> _THE TASK_
Could you print the stretch of lines below from the one with "具体来说,它的工作流程从Git仓库出发,依次经历:威胁建模→漏洞发现→沙盒验证→Codex 修复→人工复审→ 提交Pull" through the one with "Para el relleno: Cortar", exactly as they stand and without any pictures?

> _DATA RECORDS_
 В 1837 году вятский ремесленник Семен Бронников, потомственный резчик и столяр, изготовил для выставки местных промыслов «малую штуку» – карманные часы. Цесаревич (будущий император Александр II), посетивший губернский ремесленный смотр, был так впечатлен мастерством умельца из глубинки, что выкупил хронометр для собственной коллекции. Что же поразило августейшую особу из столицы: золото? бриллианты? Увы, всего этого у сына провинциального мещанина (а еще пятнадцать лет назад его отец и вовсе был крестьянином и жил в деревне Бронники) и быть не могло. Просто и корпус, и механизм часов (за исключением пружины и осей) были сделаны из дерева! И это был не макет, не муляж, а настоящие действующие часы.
* * *
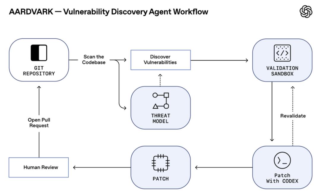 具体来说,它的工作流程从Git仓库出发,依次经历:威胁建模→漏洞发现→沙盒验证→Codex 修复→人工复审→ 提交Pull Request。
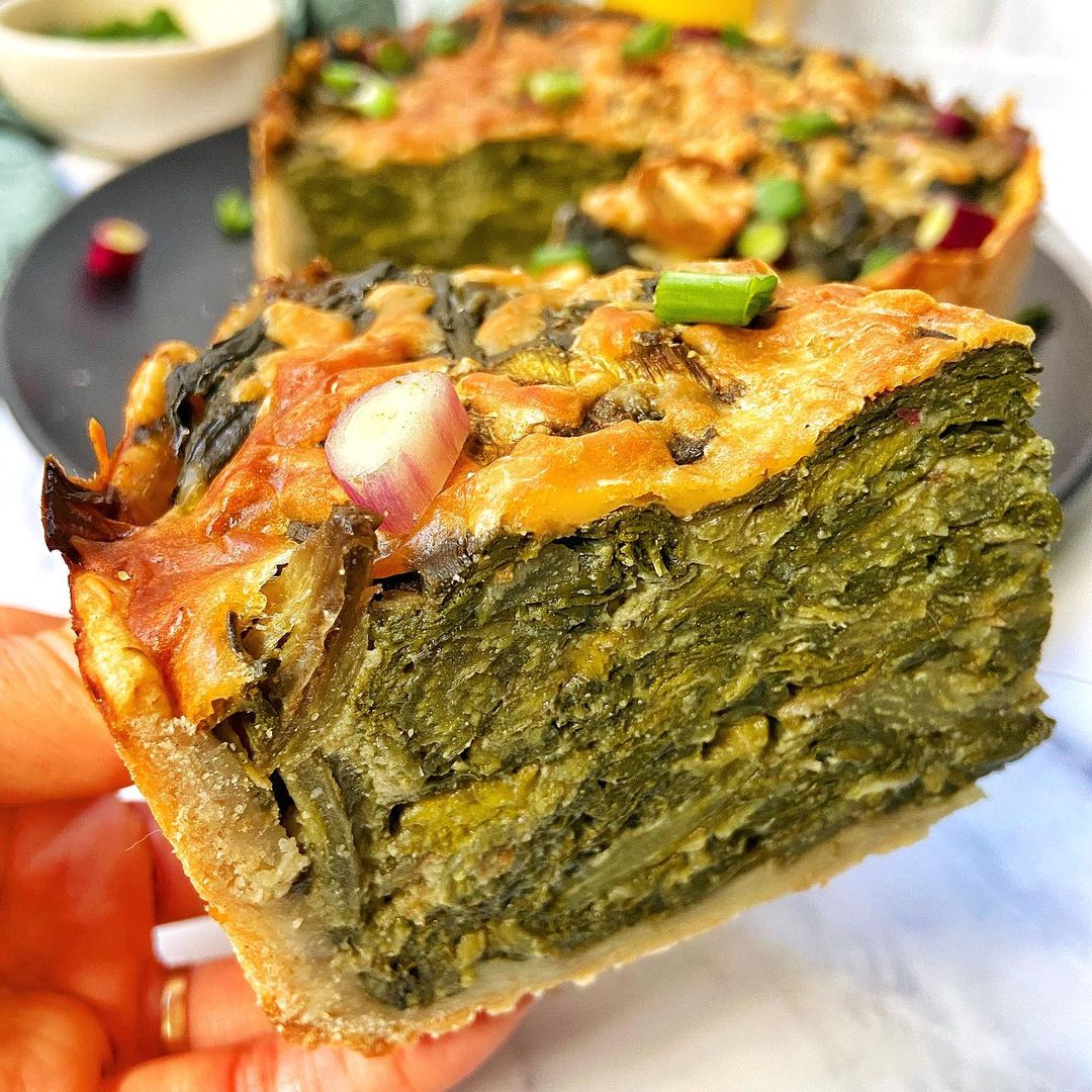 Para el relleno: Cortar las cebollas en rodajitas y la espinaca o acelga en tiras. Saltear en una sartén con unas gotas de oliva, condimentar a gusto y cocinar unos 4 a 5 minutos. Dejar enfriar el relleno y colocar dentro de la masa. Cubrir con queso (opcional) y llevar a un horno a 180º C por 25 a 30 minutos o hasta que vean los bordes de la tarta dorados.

> _SOLUTION TO THE PROBLEM_
 具体来说,它的工作流程从Git仓库出发,依次经历:威胁建模→漏洞发现→沙盒验证→Codex 修复→人工复审→ 提交Pull Request。
 Para el relleno: Cortar las cebollas en rodajitas y la espinaca o acelga en tiras. Saltear en una sartén con unas gotas de oliva, condimentar a gusto y cocinar unos 4 a 5 minutos. Dejar enfriar el relleno y colocar dentro de la masa. Cubrir con queso (opcional) y llevar a un horno a 180º C por 25 a 30 minutos o hasta que vean los bordes de la tarta dorados.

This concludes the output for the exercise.